◆ **Problem**: All of the data should be repeated exactly; pictures are not part of the copy.

◆ **Supplied material**:
'''

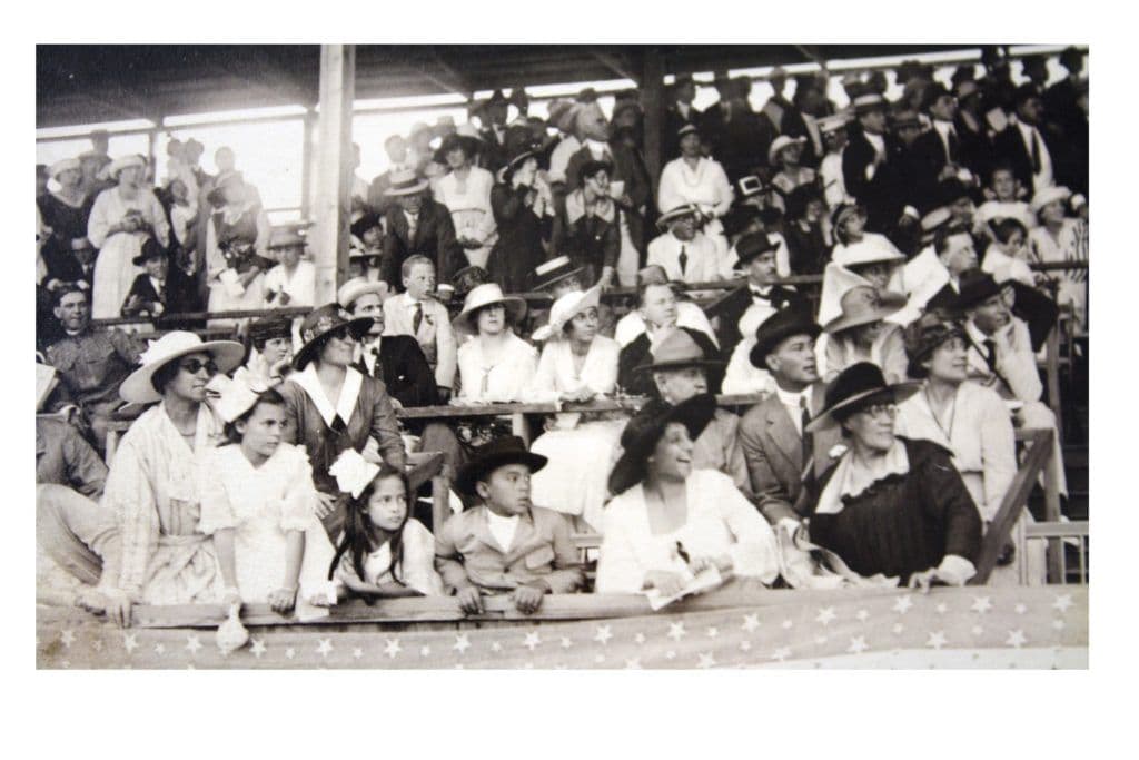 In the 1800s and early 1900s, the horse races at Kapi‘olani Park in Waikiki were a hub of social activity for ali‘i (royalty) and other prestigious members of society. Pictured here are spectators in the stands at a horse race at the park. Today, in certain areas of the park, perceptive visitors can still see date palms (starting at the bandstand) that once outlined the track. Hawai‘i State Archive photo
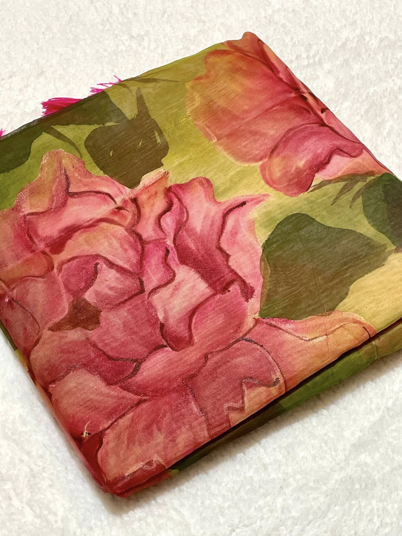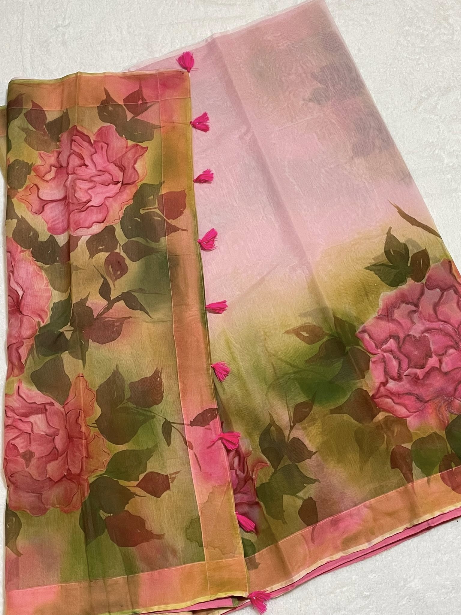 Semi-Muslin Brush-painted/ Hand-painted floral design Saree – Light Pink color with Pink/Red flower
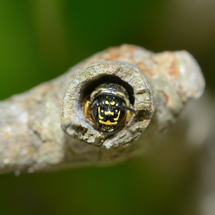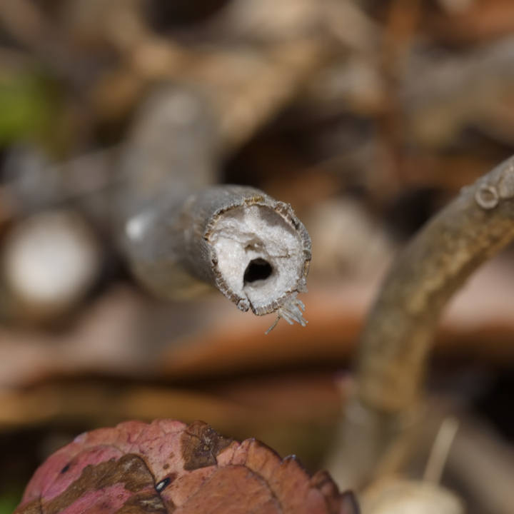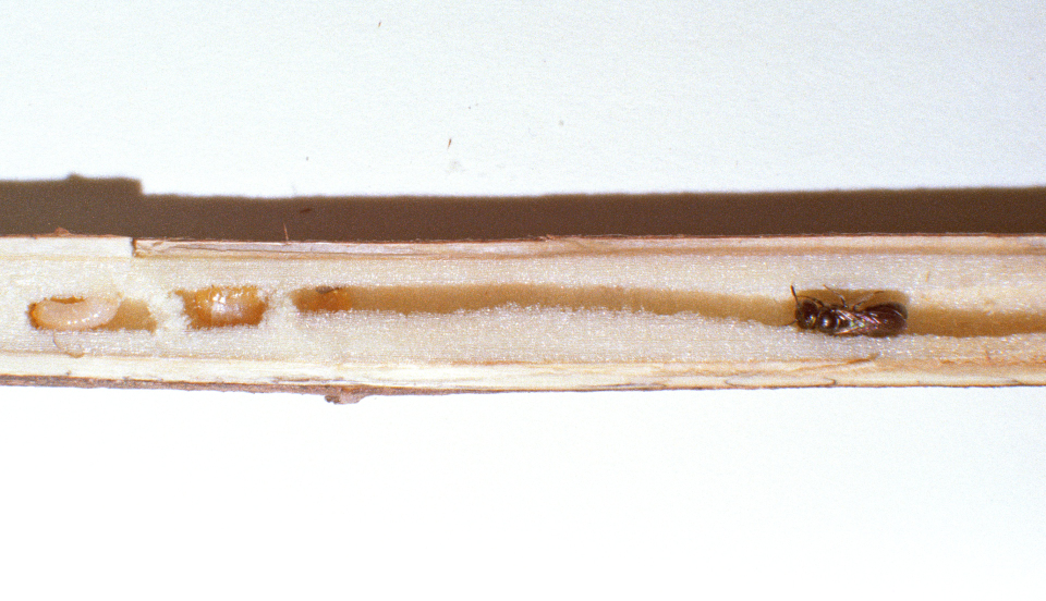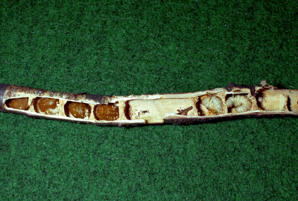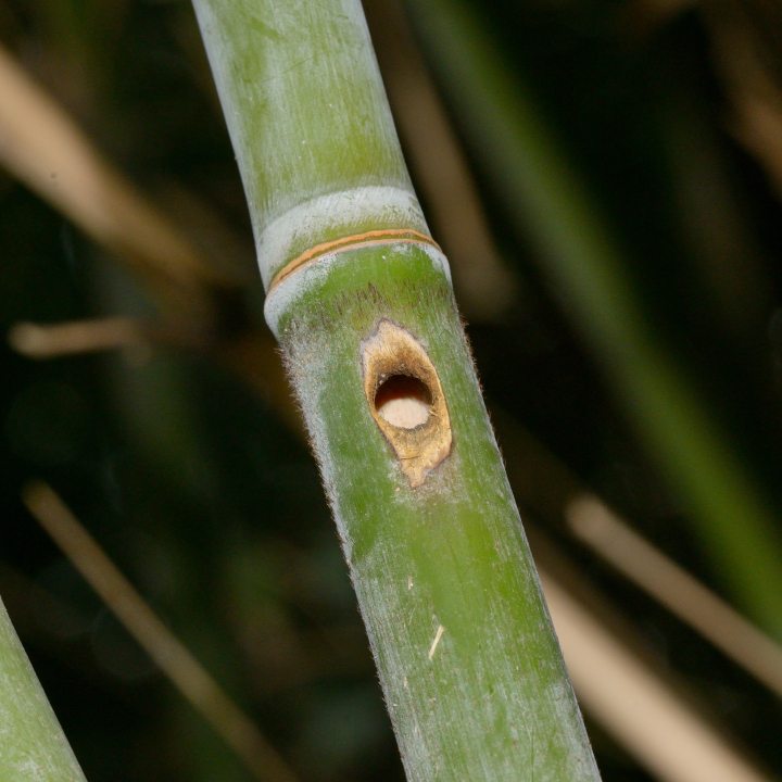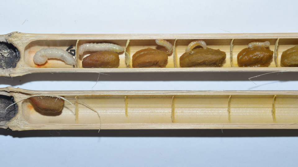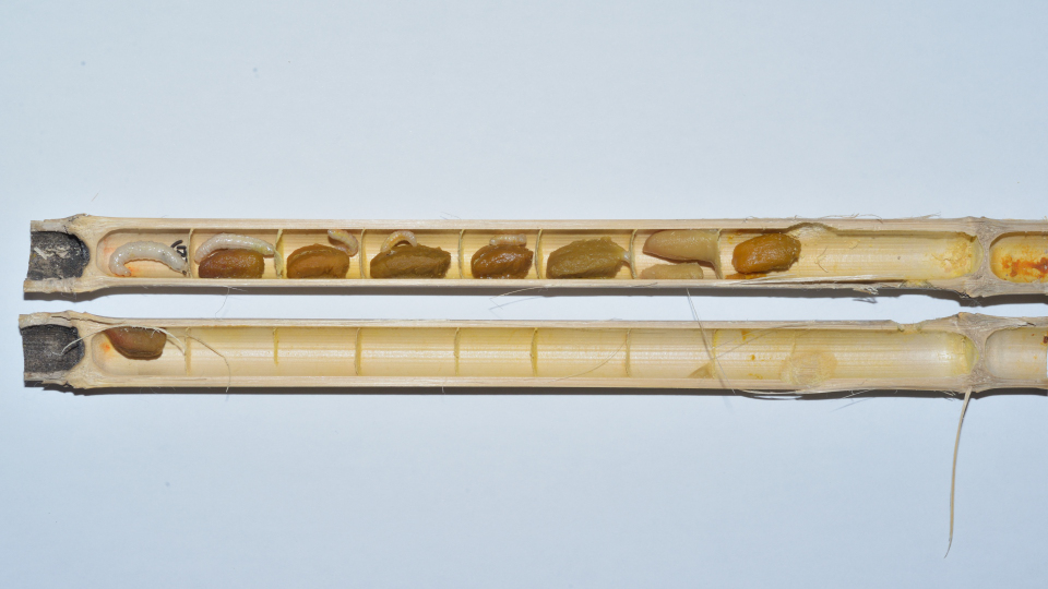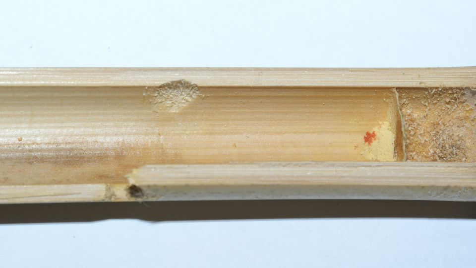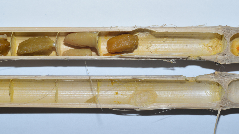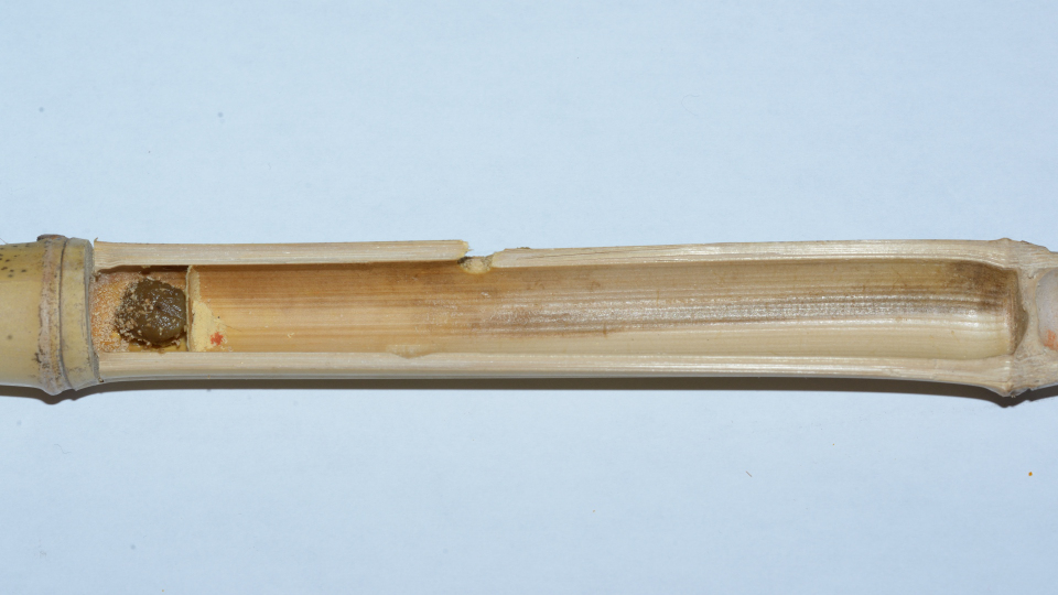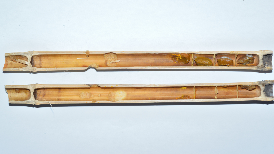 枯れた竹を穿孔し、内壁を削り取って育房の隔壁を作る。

'''

◆ **Worked solution**:
 In the 1800s and early 1900s, the horse races at Kapi‘olani Park in Waikiki were a hub of social activity for ali‘i (royalty) and other prestigious members of society. Pictured here are spectators in the stands at a horse race at the park. Today, in certain areas of the park, perceptive visitors can still see date palms (starting at the bandstand) that once outlined the track. Hawai‘i State Archive photo
 Semi-Muslin Brush-painted/ Hand-painted floral design Saree – Light Pink color with Pink/Red flower
 枯れた竹を穿孔し、内壁を削り取って育房の隔壁を作る。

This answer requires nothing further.